Tonight after school was busy.  I raced home and did the TJ weights workout.  I wasn’t sure if I should do this b/c my legs were still sore from my FIRM DVD on Tuesday but I figured I would give it a try and if it was too painful I’d switch it to an all-arms workout.  But once I started doing the squats and lunges my muscles actually loosened up, right now they feel great.  What tomorrow might bring is anyone’s guess, but I’ll worry about that tomorrow.

Luckily my mom is coming tonight to get up w/Kyle if he wakes up.  Both my hubby and I have this awful cold and we’re totally worn down.  Thank God for Moms.

Progress toward workout goal:  81/250

Stupid people annoy me

Obviously by the title I’m in a bit of a mood.  What set me off, you ask?  I finally realized how stupid a few of the teachers are in my building.  I’m not doubting their intelligence, just their common sense.  We had a faculty meeting today and a directive by our principal that should have taken about 2 minutes to explain took 20 b/c of several ridiculous questions.  Quit wasting my time, people.  Ugh.

But the good news is that after a great workout (45 tough minutes on the treadclimber, 960 calories GONE) I feel much better.  Exercise is definitely great therapy. 

More good news is that I’m so glad I’m going for a perfect week.  An associate in my room brought some frosted sugar cookies for my son, exactly what I have been craving for a while now.  If I hadn’t set a goal of having a perfect week I’m guessing the tray of cookies would have magically transformed itself into a single cookie wraped in Saran Wrap.  I won’t say that I wasn’t tempted, but I can say that it was a bit easier to resist than it would have been otherwise.  Thanks, Patty, for the ”perfect week” idea.

I’m also nursing a cold and am at that point where I’m just sick enough to be miserable but not sick enough to feel like I should stay home.  The good news is the kids generally take pity on you when your voice is froggy so they have been on their best behavior lately.
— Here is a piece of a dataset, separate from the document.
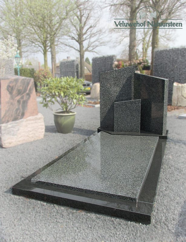Grafmonument bestaande uit een zwarte granieten onderplaat met granieten dekplaat en hierop 3 granieten (Impala) zuilen in verschillende afmetingen.
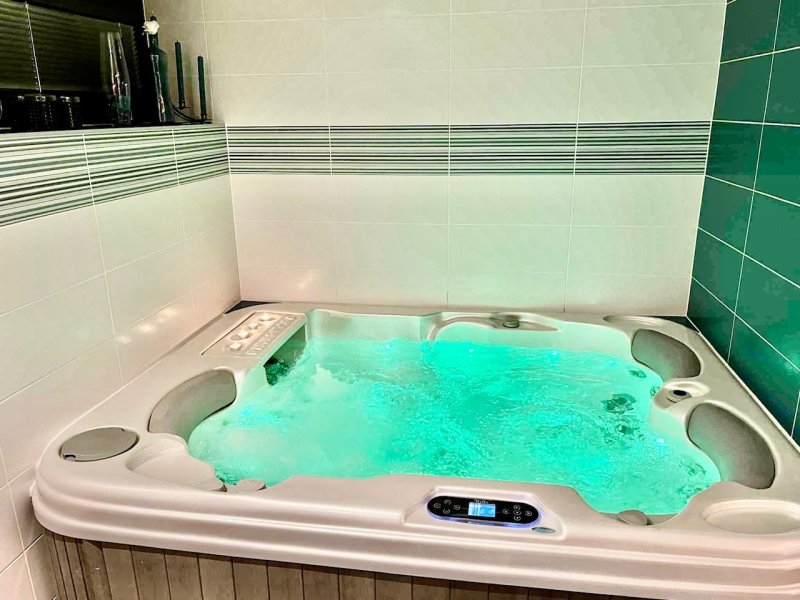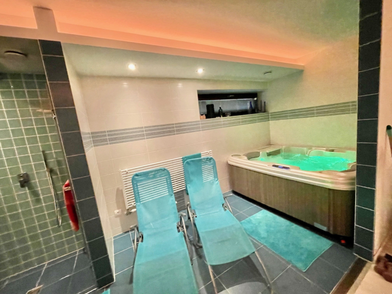 A pinceszinten egy szaunával, jakuzzival rendelkező fitness-wellness részleg található.

Progress toward workout goal:  80/250 

What will I look like?

I have been spending a lot of time today wondering what I’ll look like when I hit a few milestones.  I have never been thin, even in high school I was probably a 14/16.  It honestly never really bothered me, though, b/c I was always an athlete and my size didn’t interfere w/my ability to play.  I wish I could remember what I weighed back then so I could use it as a comparison.
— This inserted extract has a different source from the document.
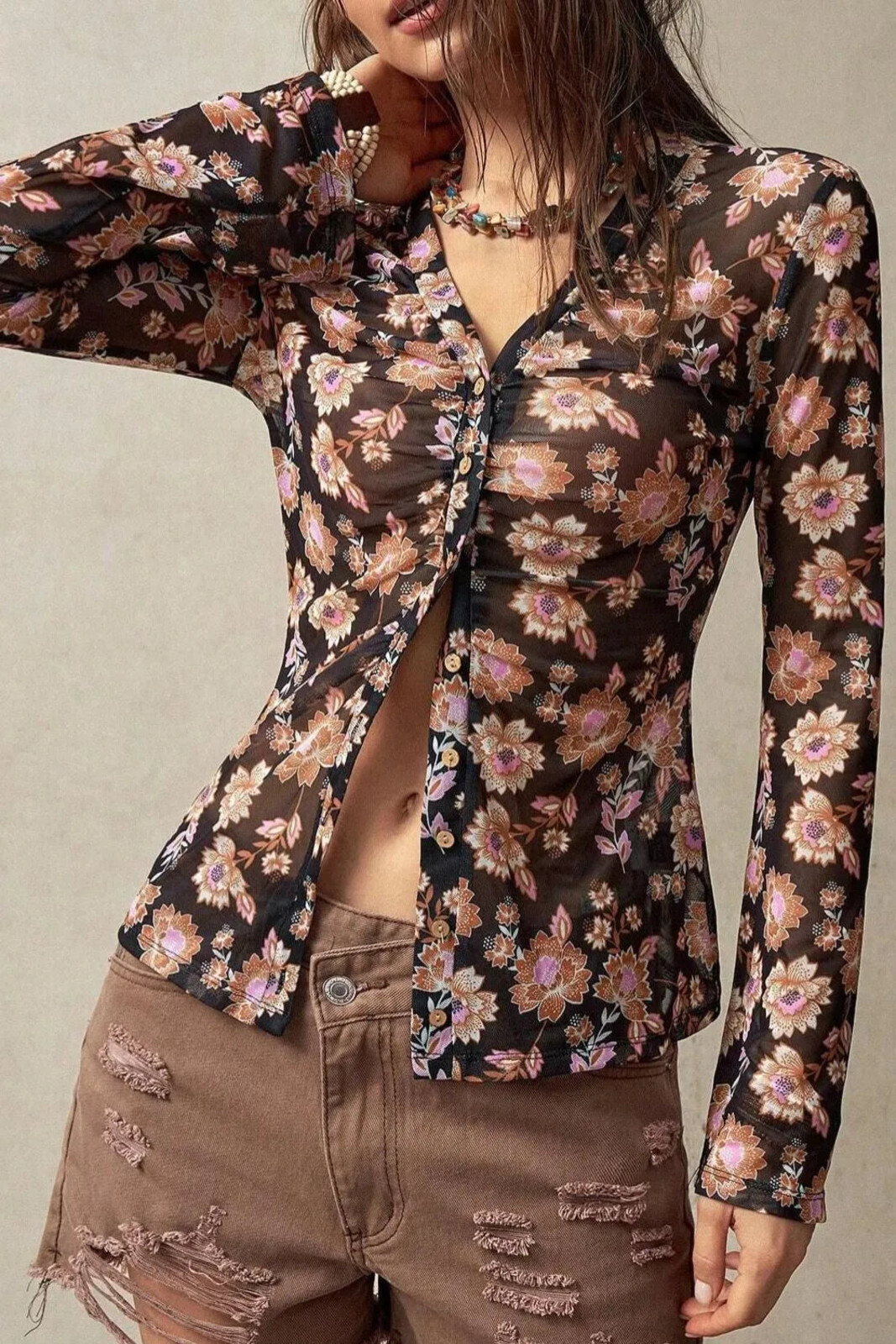 Take this romantic ruched mesh top for example - it’s floral, fitted and oh-so-stylish with its v-neck and button-down front. The mesh fabric is slightly sheer but not enough that you’d feel exposed, especially with the concentrated floral print bringing texture and detail to the bust. Ruched seams add an illusion of a smaller waistline, while flared sleeves are perfect for skimming over your arms without drawing attention away from all the bits you want seen.

If anyone out there is about 5′6″, fairly muscular and about 200 pounds, would you mind sharing w/me what size you are?  I generally carry my weight well, even right now at 245 I’m about an 18/20, and sometimes I see the infomercials and women will say that they are my weight and a size 26.  So I would hope that by the time I lose another 45 pounds that I would at least be down to a 14, but who knows????  And I honestly have no clue what my goal weight should be.  I have always been thinking 150 but when I check the BMI chart I see that this weight is at the very high range of normal.  To counteract this I have set a goal size of being a 6/8, but that’s too abstract for me.  I can visualize losing a certain number of pounds, but I can’t factor how long it will take to get to a certain size.  If anyone has advice I would definitely welcome it.

Today I came home after school to lift weights.  I’m so glad that I’m lifting weights at home now instead of the gym.  I did a 45 minute FIRM DVD and I can already see the muscle definition starting to come back into my biceps, no kidding!  That’s the beauty of weight lifting, it all comes back so quickly.